Note that implementing this does not require us to know much about Spider Solitaire strategy. The results of the table speak for themselves. For instance Debbie “dominates” Anna because whenever Anna won a particular hand, so did Debbie. But the reverse is false. Hence we know Debbie is a better player than Anna.

Obviously a small number of data points is not reliable, but it’s not hard to imagine a similar table for a much large number of players and games. Note that it is not necessary for every player to play every hand for this to work. Anyways, you get the gist. Assuming your Spider Solitaire  program is online and you are able to store cookies, you can keep tabs on which players are better than others and which hands are easy or hard. Hence you can assign the “correct difficulty” hands to different players. There might even be a Ph. D. or two in this 😊

I’m not saying this is the best method to rate the difficulty of individual spider hands, but this is one way to do it.

The WHY

As for the WHY, my best guess is the developer(s) of Opaque Solitaire wish to challenge a good player and not bore him with too many easy hands. Unfortunately statistical testing can only say the data is fishy, and cannot answer why someone would “make the data fishy”, if you will.

I’ve seen forums where players accuse Microsoft Hearts of cheating. Some players claim that MS must compensate for the AI’s poor strategy by collusion. Others say MS does this because the software designers have good intentions but don’t understand the expectations of players. I agree Joe Bloggs probably knows nothing about Statistics and he is probably on tilt after losing three hands in a row. But when Jane Citizen accuses the same program of reneging or playing a card known to be held by someone else then you know you’ve got issues. I haven’t played much Microsoft Hearts but I’m siding with the chumps. For the same reasons, I would not lightly diss anyone who complains about rigged games, Spider Solitaire or otherwise (NOTE: the MS Hearts forums may be out of date and the software may have changed for the better, but you get the gist). Since my paper was successfully published, I believe the onus of proof should rest on software developers: they should make it easy to test if a program is biased or not.

Summary

In summary, I believe most Spider programs are kosher, but not Opaque Solitaire. One word of warning: I do not have conclusive evidence that Opaque Solitaire deliberately rigs the cards because that’s the nature of Statistics – hypothesis testing alone does not equal conclusive proof: if your p-value is less than 0.05 then you might have obtained “unlucky data”, forcing you to jump to the wrong conclusion. But p < 0.05 can be used to justify further testing. But the point of my paper was to show that the bias exists and can be quantified using statistics.

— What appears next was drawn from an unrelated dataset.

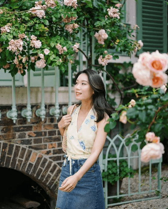 说到法式穿搭自然少不了碎花和牛仔两大自出要素,因为挂脖背心的面料上,穿搭占比也就少,所以因为元素放在挂脖背心上于搭配而言并不会显得复杂。加上具有中性色彩的牛仔面料中和,就能让画面简约且保持相对的质感,这是一组出游也绝不会沦为背景板的穿搭。

Another short story (yay!!!!!)

Hooray! I have finally quit my day job and found something I really enjoy: teaching students how to play 4-suit Spider Solitaire well. According to legend, nobody in the Animal Kingdom has managed to beat the game at the highest difficulty level. Even the Ninja Monkey with an amazingly fast metabolism couldn’t achieve it despite 50 quintillion tries (and counting).

In my first class I have 6 students: a mouse, lion, Jackal, Elephant, Eagle, and last but not least, the monkey.

I have already gone over the basics: empty columns are good, suited connectors are good, but aces and kings are usually not your friends. I notice the monkey is taking copious notes. He is an ideal teacher’s pet, if you excuse the lousy pun.

“Take a look at this position,” I say. “Do you think we should win with correct play?”

example_position

“I think so,” replies the mouse. “I would bet 3 dollars.”

“That means you think it’s not possible,” quips the lion.

“What do you mean?”

“Your bet is too small,” replies the lion. “If you thought this is a win, you would be betting $30, not $3.”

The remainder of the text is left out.